During their coffee break in the kitchenette, Genia examines the faces of the other cleaners. Not one of them speaks Russian, not one of them can tell her if bus fares have gone up.
‘Raisa yok!’[2] one of them says to Genia, and bursts into laughter that could either be friendly or gloating.
“Yok” probably means “gone” in Hebrew, Genia thinks as she waits for the bus on her way home. Her wages go directly into the joint account she holds with her daughter and her son-in-law. In her purse is the money allocated to her by her son-in-law for grocery shopping and bus fares till the end of the month. She takes out another bill.
‘Twice,’ she says to the driver, encircled by a tight ring of passengers, hoping that the morning’s episode was a one-time event.
But he hands her two tickets and change that shows a one hundred percent increase.
‘Have bus fares gone up?’ she asks her daughter.
‘What do I know? Bread’s gone up, so bus fares probably have as well,’ she replies.
Her daughter works at the neighborhood branch of a bank so she hardly ever travels by bus. On the few evenings she and her husband do go out they go in their car.
‘What do I know?’ Anna sadly repeats her question.
My Anyetchka, Genia thinks, what has become of you? You were as happy as a bird when you were a little girl.
She doesn’t dare ask her son-in-law about the prices.

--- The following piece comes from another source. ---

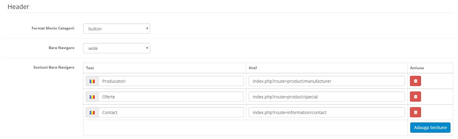 De asemenea puteți alege între meniu de categorii afișate în linie pe bara de navigare sau sub forma de buton (opțiune care este setată în mod implicit).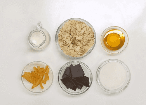 Remove the saucepan from the heat, add almonds and candied fruits, and mix well.

The days without Raisa are lonelier than ever. Nobody speaks to Genia at work. Only the laughing cleaner says ‘Raisa yok!’ every time, and bursts into laughter.
They don’t talk a lot at home either. Her son-in-law and daughter hardly speak to one another, never mind to Genia. She finishes the housework and goes into her room, tired, numb, no longer surprised by the fare increases, gazing yearningly at “The Blue Garden”.

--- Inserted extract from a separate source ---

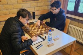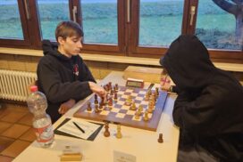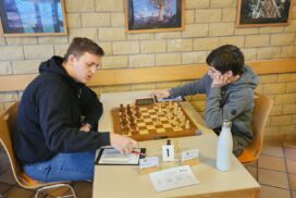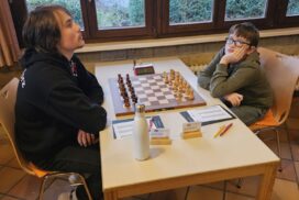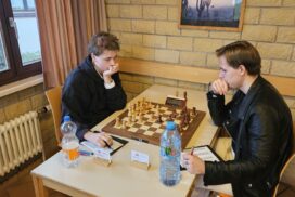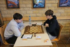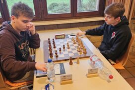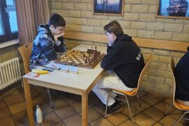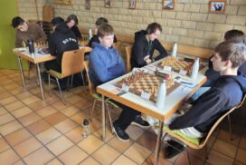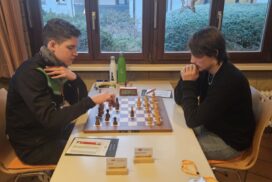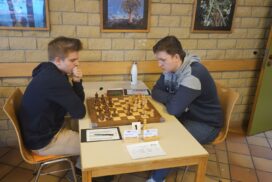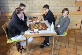 Das Favoritenfeld hatte sich damit weiter gelichtet, sodass andere Vereine aus dem Mittelfeld in die Spitzenpaarungen hochgespült wurden. Neuberg spielte gegen Mitfavorit Krefeld (die zuvor in Runde 3 den HSK unterlegen waren) und wir bekamen den Ausrichter aus Freiburg-Zähringen zugelost, die nach einer Auftaktniederlage gegen den HSK alle drei Kämpfe gegen teils höher eingeschätzte Teams siegreich gestalten konnten. Nominell ein machbares Los, aber gerade diese Teams, noch zusätzlich mit der Sondermotivation als Ausrichter können unangenehme Herausforderungen werden. Freiburg zählte an diesem Tag jedoch nicht zu dieser Kategorie. Julian gewinnt wieder „nach Belieben“ und hat nach seiner rund zweistündigen Partie mehr Bedenkzeit auf der Uhr, als am Anfang der Partie und setzt sich auf fantastische 5/5! Das gibt dem Team von Runde zu Runde mehr Sicherheit. Insgesamt wehrt sich Freiburg nach Kräften, ist insgesamt jedoch ziemlich chancenlos und wir gewinnen mit 5,5:0,5 (Christian remisiert) erneut hoch, was für unsere Feinwertung bei Punktgleichheit Gold wert ist. Unsere Hoffnung, Neuberg noch abzufangen, fußte im Wesentlichen darauf, dass Neuberg noch gegen den HSK spielen werden müsse – doch dann kam die Schützenhilfe schon eher aus NRW – Krefeld spielt seinen vermutlich besten Mannschaftskampf der DVM und schlägt Neuberg ungefährdet mit 3.5-2.5, befördert uns damit zurück an den Platz an der Sonne und ist selber voll im Titelrennen dabei!

In her dreams a man is biting a bird with beautiful plumage, its blood dripping onto his white collar.
Every time Genia leaves work and waits for the bus, the IBM building floats above her reddish-brown, densely pierced with square windows, like a huge honeycomb taken out of its context. Now the adjacent building looks like an unraveling roll of white paper. When you look closely its shape resembles the head of a giant man.
Every time the bus draws up, Genia deliberates over getting on or waiting for Pavel. Pavel can take her to the longed-for place where she will be asked which jam she’d like with her tea, and throughout the evening Raisa will explain things to her, and Genia will listen to her with a “Yes, now I understand” expression. Genia will tell her about the frightened look in her daughter’s eyes when, on particularly cold days, her son-law catches her washing dishes in hot water. Raisa will tell her to be careful as she walks down the stairs. Genia…
But here her son-in-law’s precise calculations and the dwindling monthly allotment surface in her mind. She imagines the ructions that will erupt if it transpires that she has made unnecessary journeys.
She gets on the bus.
‘Twice,’ she says to the driver, and goes home.
*This story is taken from “Children’s Mate” by Bella Shaier, 2011, Hakibbutz-Hameuchad Ltd.